Unfiltered Story #40280

VA, USA | Unfiltered

Me: Hi, where could I find mouse traps?

Employee: What are they used for?

Me: Uhhh……to catch mice

Unfiltered Story #40271

Peterborough, ON, Canada | Unfiltered

Coworker: *books at least 3 days off every week (including weekends) for months on end*

Manager: *always gives them to her no matter what*

Coworker: “I just don’t understand why [manager] doesn’t give me more shifts…”

Unfiltered Story #40270

USA | Unfiltered

I am an 18 year old, new nursing student at my local college. We are doing our first ever med pass and being a nervous wreck, I make a small error in my dosage calculation. The instructor is pretty laid back.

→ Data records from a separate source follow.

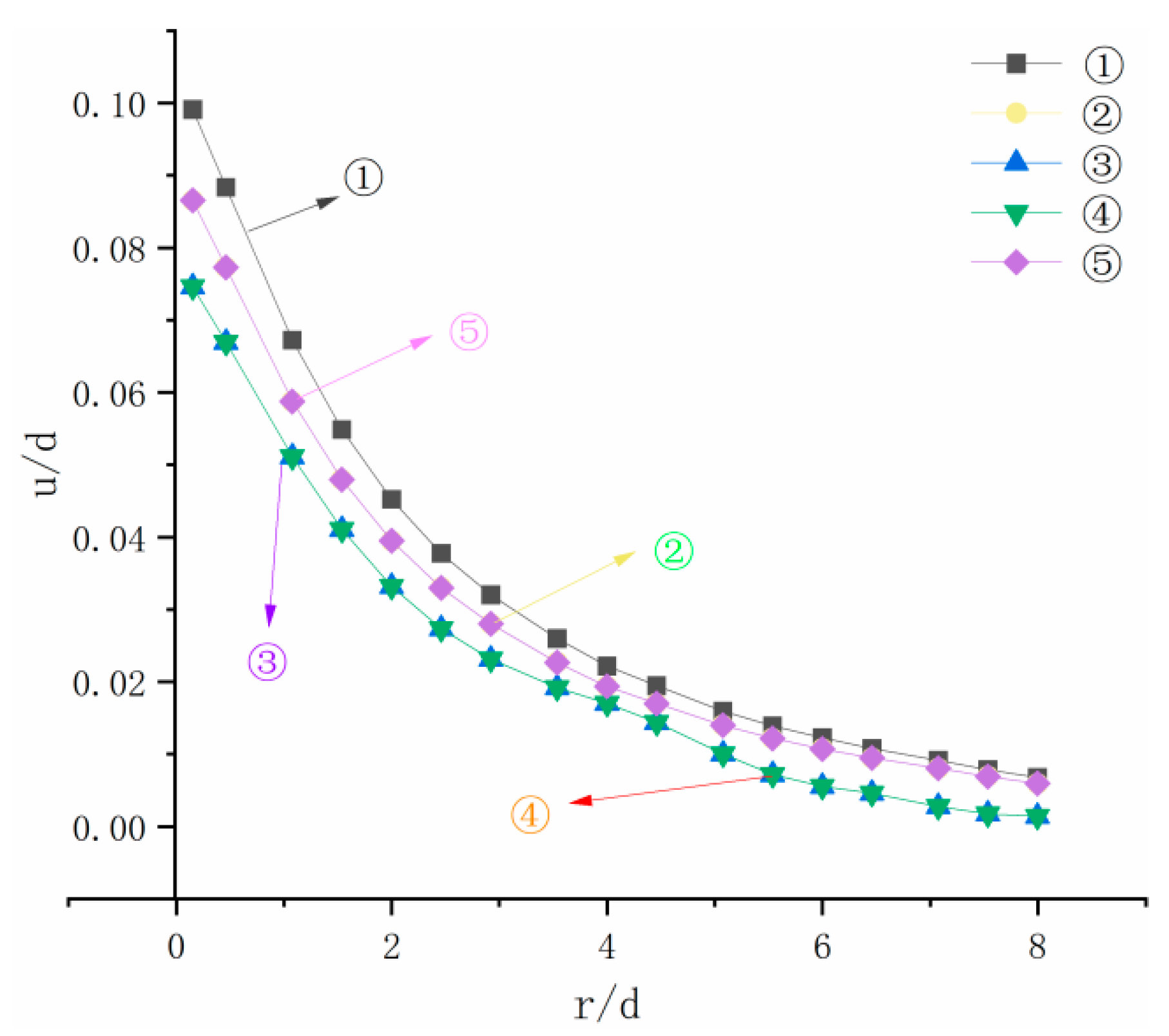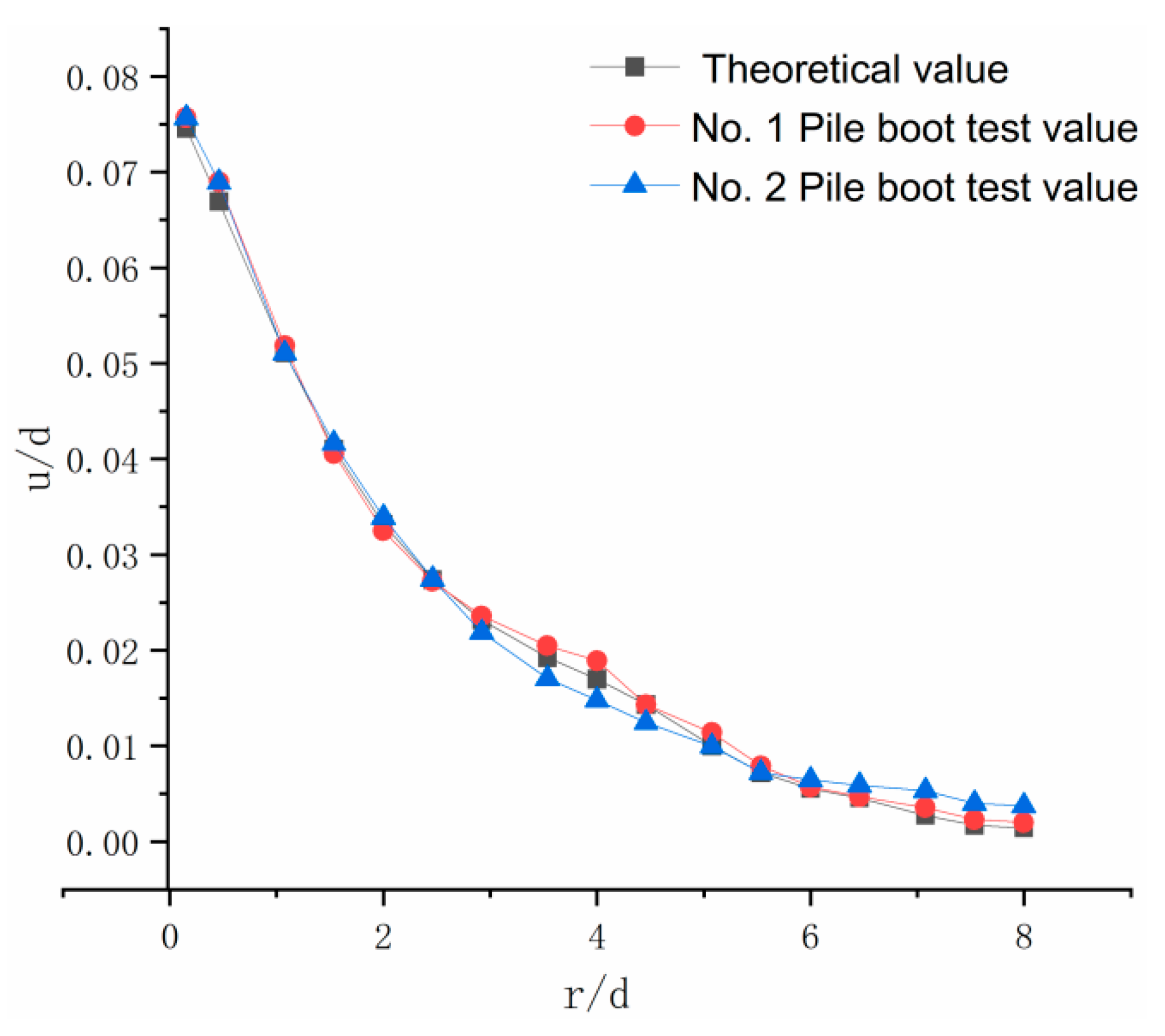 - The correction coefficient of the pile shoe geometric parameters is proposed based on the Mohr–Coulomb criterion and reaming theory. The correction coefficient λ is then used to determine the radius of the plastic zone and the displacement value of the plastic zone after correction. In order to determine the theoretical solution taking into account the smearing range of the pile shoe shape, a comparison and analysis of the theoretical model and the test model reveal that the results of the two are more consistent with one another, the error between the theoretical value and the test value is less than 5%, and the radius of the plastic zone after correction is larger than that of the traditional model. Taking into account the geometry of the pile shoes, the theoretical solution of the smearing range is found. Then, by adding five different sets of pile shoe geometry parameters, the correction coefficient λ is quantitatively verified. It is discovered that the correction coefficient λ can accurately reflect how the pile shoe geometry (a/d) affects the displacement and that the pile shoe geometry can increase the range of the soil coating; the displacement u is dominated by λ, which is independent of a and b, demonstrating the reasonableness of the correction coefficient.
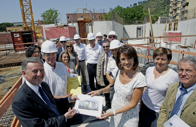 • Dominique Estrosi-Sassone, adjointe à la Politique de la Ville, au Logement et à la Cohésion Sociale lors d’une récente visite du chantier, accompagnée par le député niçois, Rudy Salles -
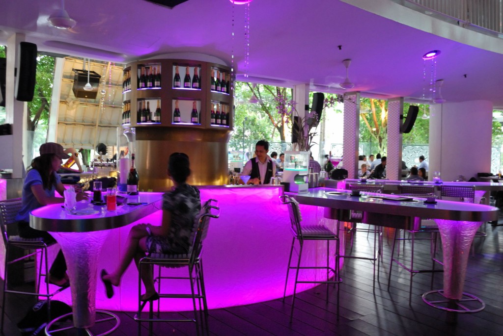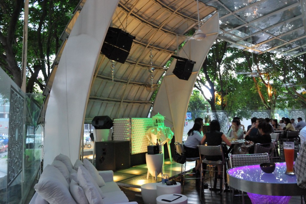The space itself is divided into two levels -with the main ground floor area consisting of a large central bar, lounge area and stage; and the mezzanine level also featuring dining tables around the curved floor, and a private room at one end. The entire space is fronted by full height glass and is partially open to the outside environment. Large transparent roofing panels extend out from above the mezzanine level accenting the “openness” of the space- and providing views across the road of the iconic KLCC “Twin Towers” . The design is sleek and modern- with mostly white furniture and finishes, contrasted with features such as old railway sleeper timber floors, a huge metal bladed overhead fan fitted to the mezzanine ceiling, and striking metallic gold “champagne” back-bar designs- the main bar on the ground floor is shaped to resemble a champagne cork, whilst the one on the mezzanine level is shaped like a champagne flute. Color changing LED lighting adjusts the mood during the course of the evening, and complimented by a robust sound system that transitions from an early evening chill ambiance to a more upbeat tempo later in the evenings.
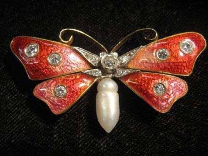 Pin and red enamel rings accented by three petite round cut diamonds on either wing, baroque pearl abdomen.
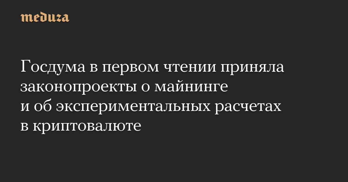 Госдума в первом чтении приняла законопроекты о майнинге и об экспериментальных расчетах в криптовалюте
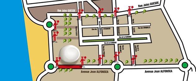 Des points de contrôle avec accès filtrant seront mis en place aux intersections des rues pré-citées, de la rue Jules Guesde et de l’avenue Alfonséa, 2 heures avant le spectacle puis 30 minutes après la fin.
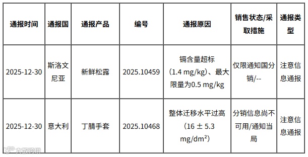 据欧盟食品饲料类快速预警系统(RASFF)消息,2025年12月30日,欧盟通报我国出口新鲜松露和丁腈手套不合格。具体通报内容如下:
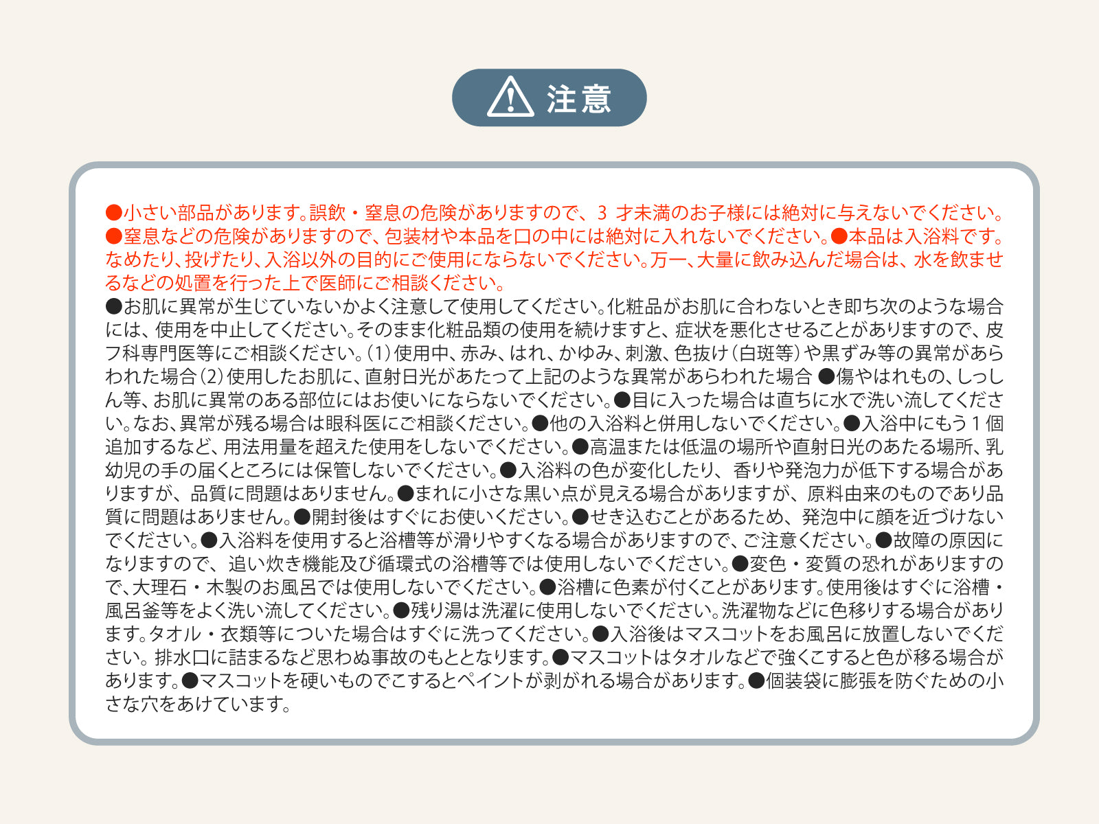 窒息などの危険がありますので、包装材や本品を口の中には絶対に入れないでください。本来の用途以外には使用しないでください。お肌に異常が生じていないかよく注意して使用してください。お肌に合わないときは、ご使用をおやめください。
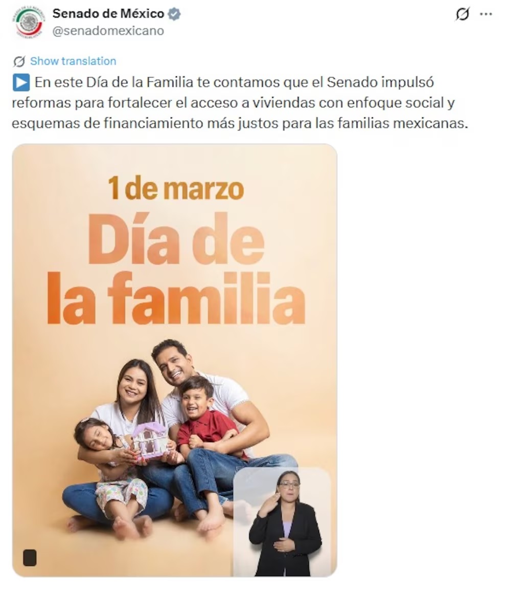 Desde sus redes sociales, el Senado destacó que el derecho a la vivienda es un componente clave del bienestar familiar. Por ello, el Senado ha trabajado en reformas legales orientadas a facilitar el acceso a viviendas, especialmente para sectores vulnerables, jóvenes y personas trabajadoras que enfrentan barreras de financiamiento. Estas acciones buscan modernizar esquemas de crédito, promover vivienda social y reforzar la coordinación entre instituciones federales y estatales.
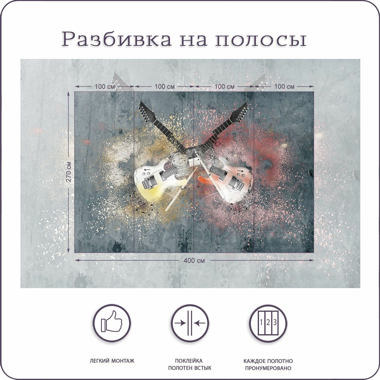 Фотообои на стену флизелиновые 3d Для подростка Граффити Гитары 400х270 см Bartonwall K115 информация:
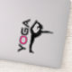 A vinyl decal with a simple design of a black silhouette of a woman performing a yoga pose.
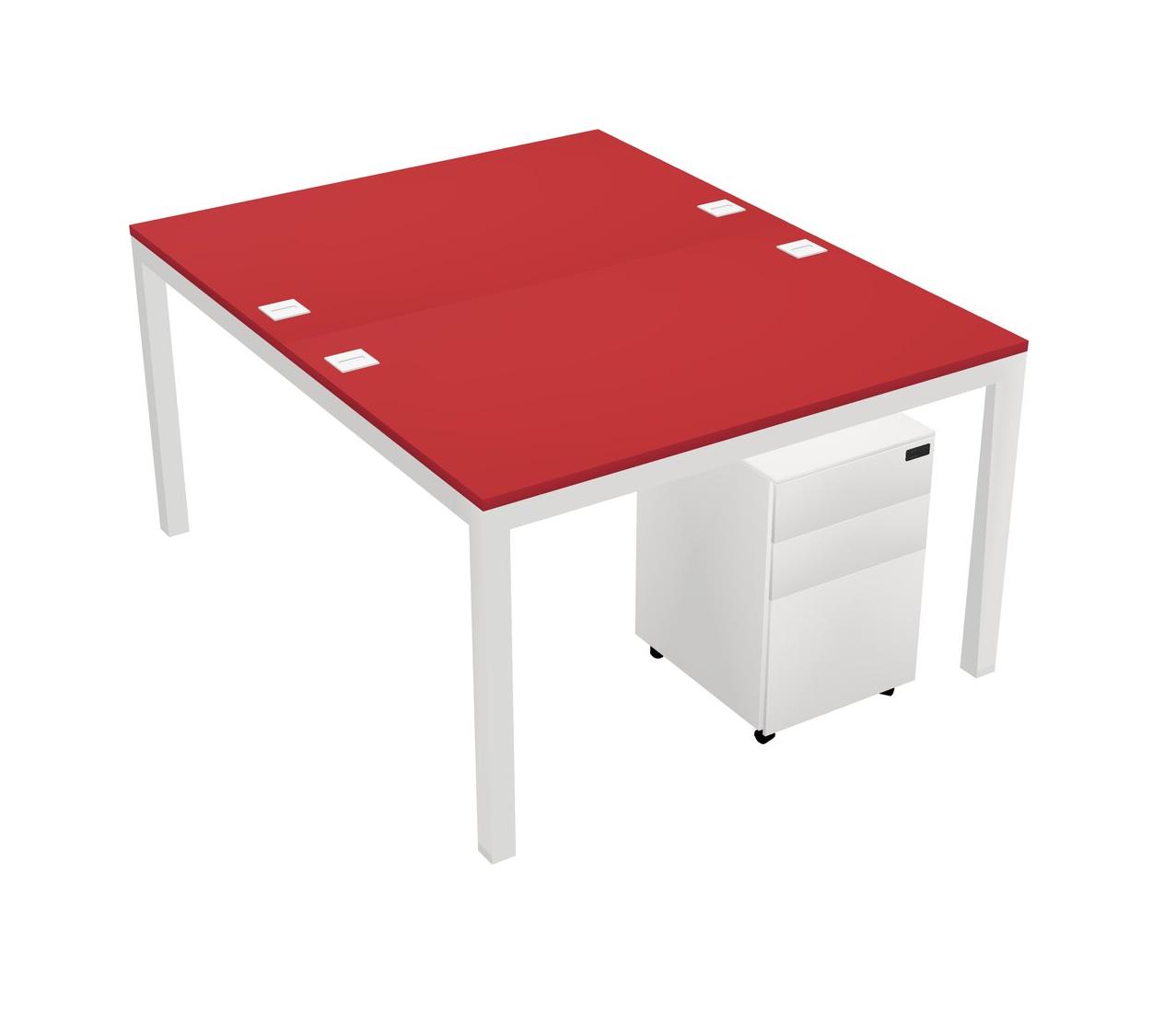 Prism Red Shared Rectangular Office Desk With Metal Mobile Drawers For 2 Persons
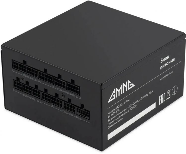Наименование модели: GMNG Блок питания GG-PS1200M 1200W, APFC, 80+ platinum, 120mm fan, 9xSATA, full cable management (ATX 12V 3.0), RTL
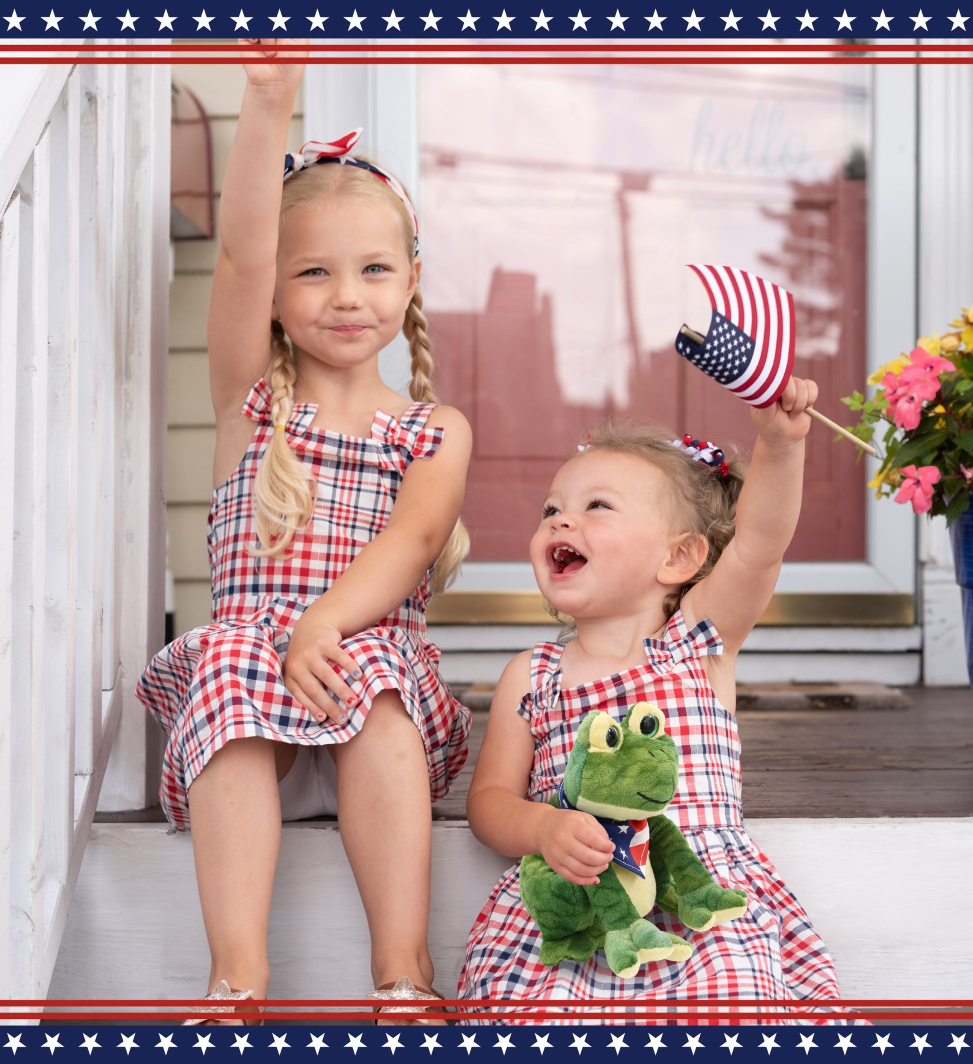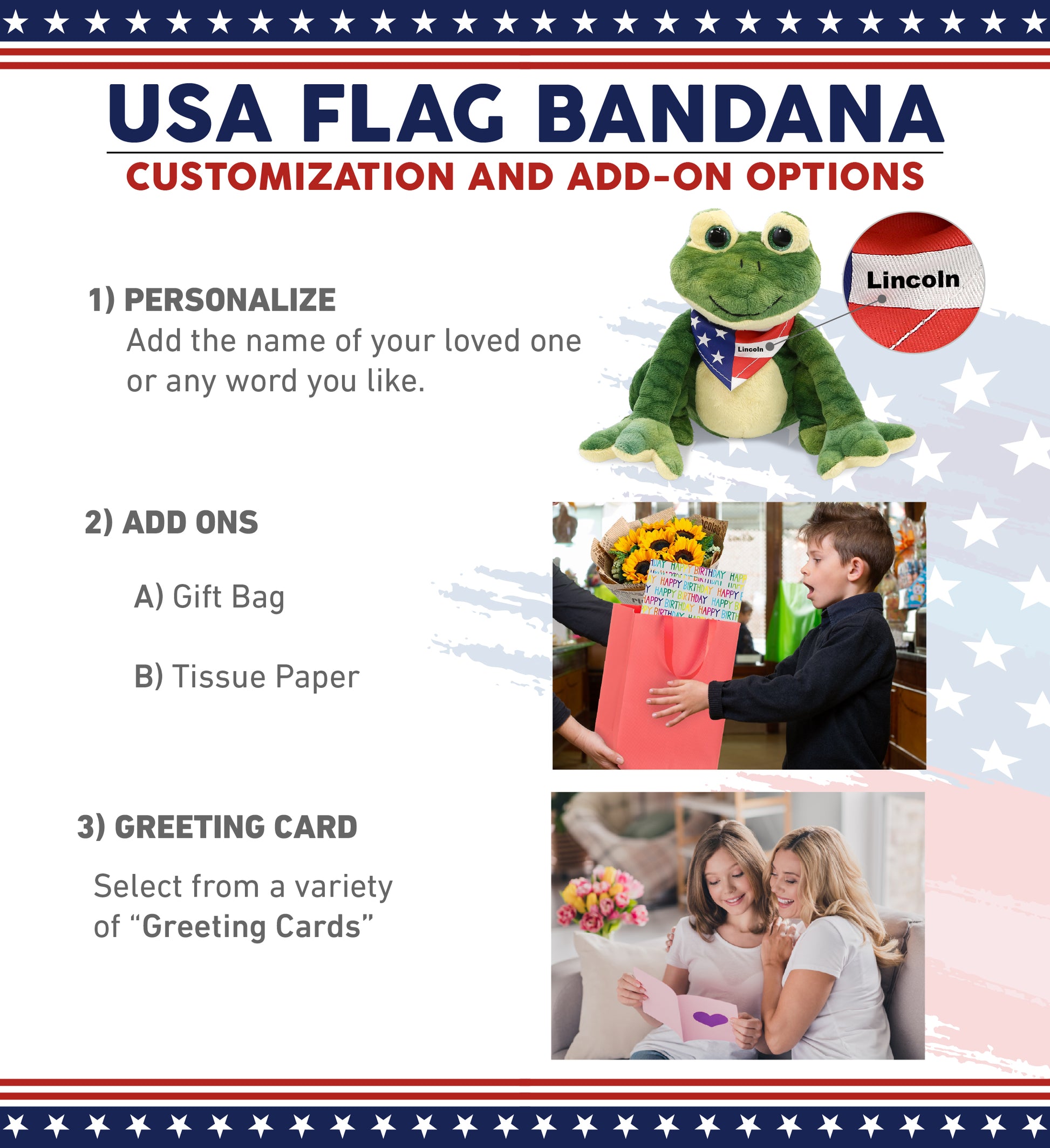 SUPER SOFT PLUSH - SQUAT FROG WITH USA FLAG BANDANA

Me: “I will give half a tablet.”

Instructor: “Who in the world taught you how to do math?!”

Me: “Your mom.”

He looks at me like I am insane before realizing that I graduated from the high school his mother teaches math at. Yes, she really did teach me Algebra 1. We had a good laugh about it.

Unfiltered Story #40269

Arlington, Tx | Unfiltered

I work during the night shift with one of my co-workers since its our big shipment coming in. There was a drunk guy outside staring at the window when out of no where he starts to talk to it in a deep conversation. Me and my co-worker look at each other confused. Then he walks away. Hours pass when the drunk guy comes back out of no where he comes up to me and says, “Not being gay or nothing but we guys need to touch our self everyday just to feel good, you know?” I look at my co-worker and start laughing. I told my other co-workers about it and it becomes a funny story for the next month.

Unfiltered Story #40278

Stillwater, OK, USA | Unfiltered

(While waiting on my boyfriend to get a haircut, two men enter the salon speaking a different language. This is nothing unusual to me since the university in town has many international students. One later gets called back to get a haircut and I overhear this exchange:)

Hair Dresser: “so where are you two from?”

Customer: “We’re from South Africa.”

Hair Dresser: “Ooooh, are you guys here with the circus?”

(There’s not even a circus in town, to my knowledge)

Customer: “No we go to school here.”

(Thankfully, he didn’t seem upset, but maybe a little confused as to how someone could say such a thing!)